En mis años de estudiante se vinieron a vivir dentro de mí. Alegremente. En el aire confiado de la juventud. Viejo caserón de San Isidro salmantino donde mi carrera estudié. Ellos. Hans Kelsen y Fray Francisco de Vitoria. Rudolf von Ihering y Cesare Beccaría. Ellos y una fe ciega en el derecho como ciencia. Como camino de perfección. Como aspiración de ayer y para siempre. Ellos. Ellos y Don Joaquín Garrigues Díaz-Cañabate. Por ejemplo. Como ejemplo.

Y luego esto. Los bárbaros. Los que todo lo atropellan. Mitad odio, mitad ignorancia. El odio se lo daba por bandera, pero la ignorancia, al menos tanta ignorancia y tan atrevida, me pasma. En menos no se puede más. La llamada ley Montero, la del solo sí es sí es un portento de parto de los montes. Un aberración jurídica. Un despropósito. Un parto aborto.

¿Quién redacta las leyes? De tanto repetir en la facultad que las leyes las aprueba el poder legislativo concluí, erróneamente, que los parlamentarios, a escondidas, a horas muertas, en soledad, también las redactaban. Pero vino a mí don Joaquín Garrigues y me sacó del error. En el caserón de San Isidro me enseñaron que había leyes como templos; leyes magníficas, obras jurídicas redactadas con detalle de orfebre, textos dignos de admiración. Por ejemplo aquella ley de Sociedades Anónimas de 1951 que redactó Joaquín Garrigues, catedrático de Derecho Mercantil de la Complutense.

Y ahora este parto aborto. ¿Qué bárbaro redactó esa ley? ¡Qué triste sainete entre ministros de saldo y esquina! Caldo lavado. Aguachirri intelectual en el campamento monclovita. Eso es lo que se ha instalado en el poder; una mezcla a partes iguales de odio e ignorancia. Montero. Consorte. Atrevida. Ignorante. Supina. Supino despropósito.
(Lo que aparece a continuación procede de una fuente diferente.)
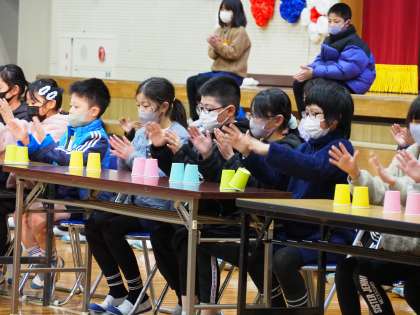 1年生は、「サチアレ」という歌を歌いながらのダンス。2年生は、6年生の活躍を歌詞に込めた歌と楽器演奏。3年生は、卒業生が過去の学芸会で演じた劇をミックスして再構成した劇。4年生は、ボディーパーカッションと紙コップを机の上で操作する「カップス」。5年生は裏方に徹し、司会、照明、暗幕、誘導、盛り上げなど、すべてを運営しました。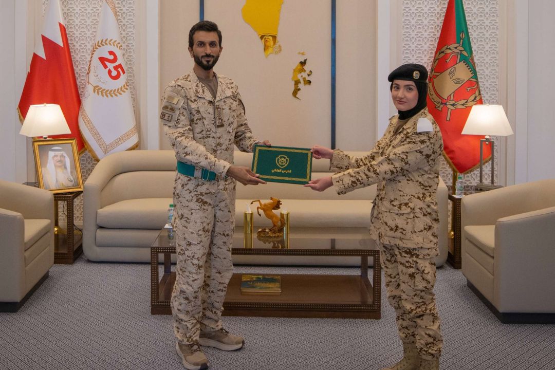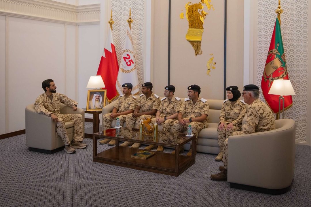 His Highness encouraged the military students to maintain their commitment and strive for excellence during their upcoming studies at Sandhurst. He underscored the importance of acquiring comprehensive knowledge in military and academic sciences to serve the Kingdom of Bahrain and the Bahrain Defense Force effectively in the future.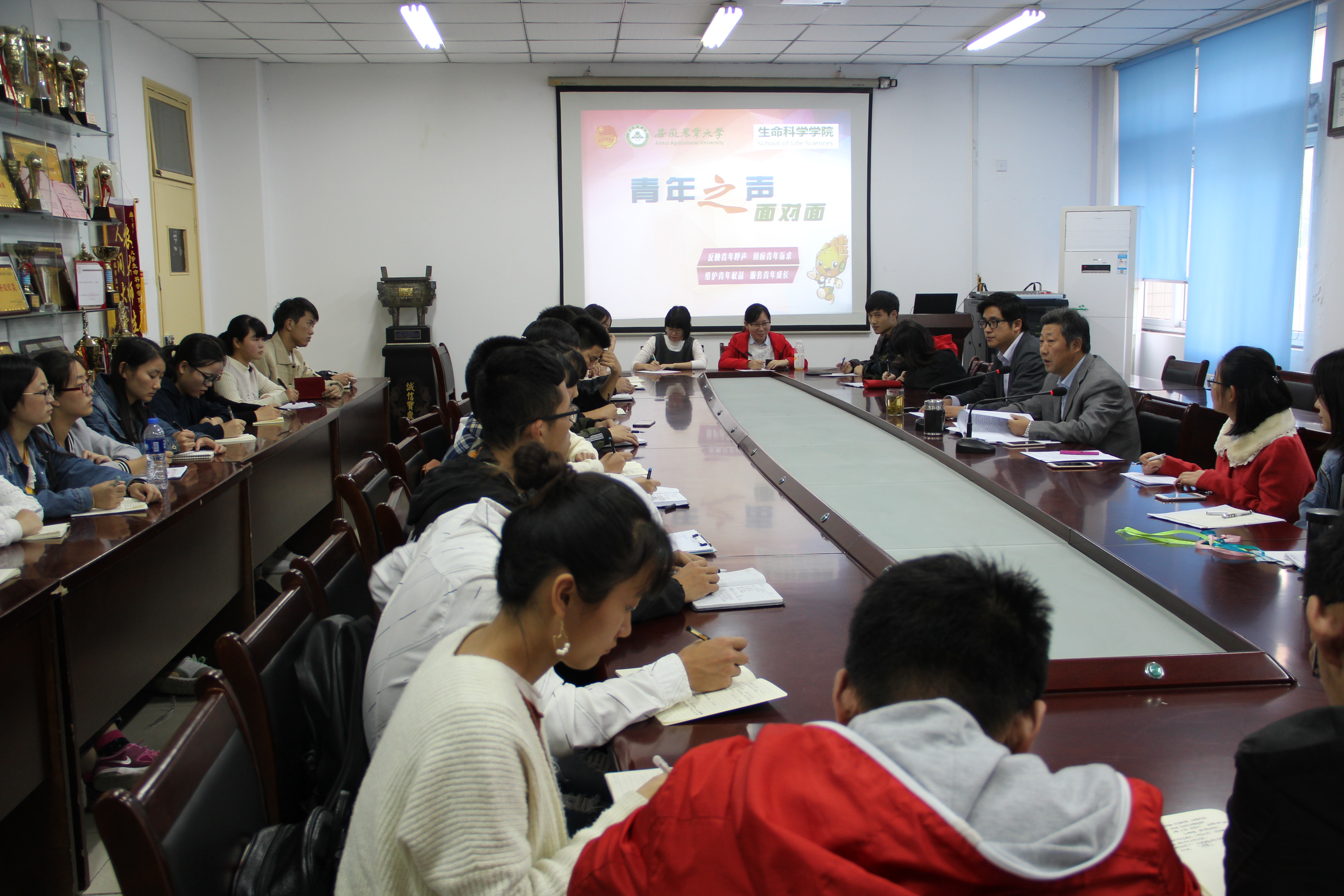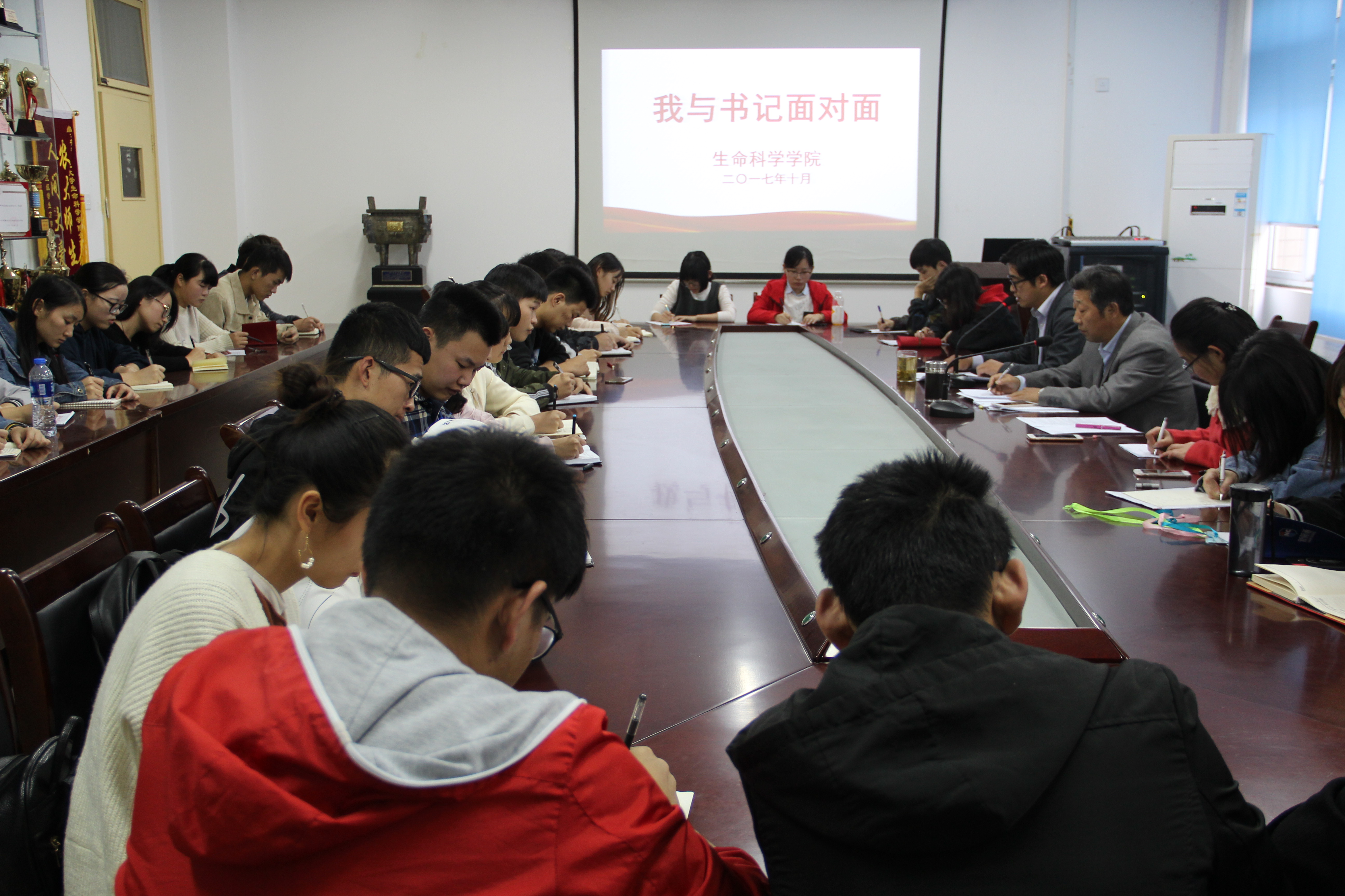 本网讯10月25日下午,生命科学学院在十教216会议室举办“青年之声·我与书记面对面”活动。校党委宣传部部长、学院党委书记朱绍友,学院党委副书记、副院长吴国卿出席了本次活动,院学生分会、团支部及心联委员联合会的主要学生干部参加了活动,活动由院团委老师主持。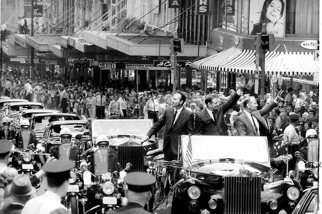 The link above has this photo, which I’ve never seen before, taken of the Apollo 11 crew’s visit to Sydney in 1969, as part of their 24-nation “Giant Leap” tour. I’m in the crowd—so this picture is like gold to me:

Nunca con menos méritos se atropelló más a la razón. Y a la ciencia jurídica. Parece mentira. ¡Pero ha sucedido! En general, toda ignorancia es atrevida. Perfiles de odio. En su caso odio infantil. Como su ignorancia. Parto aborto el parto del anteproyecto de Ley Orgánica de Garantía Integral de la Libertad Sexual. Y, al mismo tiempo, un ejercicio de matonismo huérfano de toda ciencia. Tanto que hasta los mencheviques les han enmendado a los bolcheviques un texto de vergüenza. Un descalabro sin albricia alguna. Un tropel de errores y de lagunas. ¿Palabras de jergas ajenas al diccionario en el texto de una ley? ¿Faltas de ortografía? ¡Qué bochorno! Redacción farragosa, duplicidades, vacíos, incongruencias, corta y pega, indefiniciones, contradicciones,... ¿quién ha redactado semejante despropósito?

¿Una ley? ¡Propaganda desprovista de todo escrúpulo jurídico! Nada más. Eso y un desmedido adanismo. Como si antes de la llegada al poder de la izquierda no se castigaran los delitos contra la libertad sexual. Como si la historia de la igualdad entre varones y hembras principiara el día en que Irene Montero celebró su cumpleaños en dependencias ministeriales. Como si solo a ellos les hubiera sido revelado el misterio del bien y del mal. Mentiras de baba envueltas en lemas punkarras (y borrachos). No estamos antes adalides de las libertades, sino ante liberticidas. Ignorantes, infantiloides si se quiere, pero no por eso menos liberticidas.

Ahora, enfrentado a esta mascarada, recuerdo aquellos días de juventud. Y me pasmo de lo atrevida que sigue siendo la ignorancia. De la impunidad con que inteligencias destartaladas dan tormento al derecho. Del descaro con que se ofende al ordenamiento jurídico. A Kelsen, a Vitoria, a Ihering y a Beccaria. De con qué burda impudicia se deprecia la presunción de inocencia como fundamento del derecho penal. De con qué imprudencia se dejan indefinidos conceptos como el consentimiento expreso. De cómo las sagradas conquistas de la libertad se pisotean cuando se traslada la carga de la prueba al acusado. ¡Bárbara ideología de género!

¿Quién redacta hoy las leyes? Evidentemente juristas dignos de ese nombre, no. Y vuelve a mi memoria Don Joaquín y el caserón de San Isidro y aquella mi fe, hoy marchita, hoy violada, en la igualdad entre hombres y mujeres ante la ley.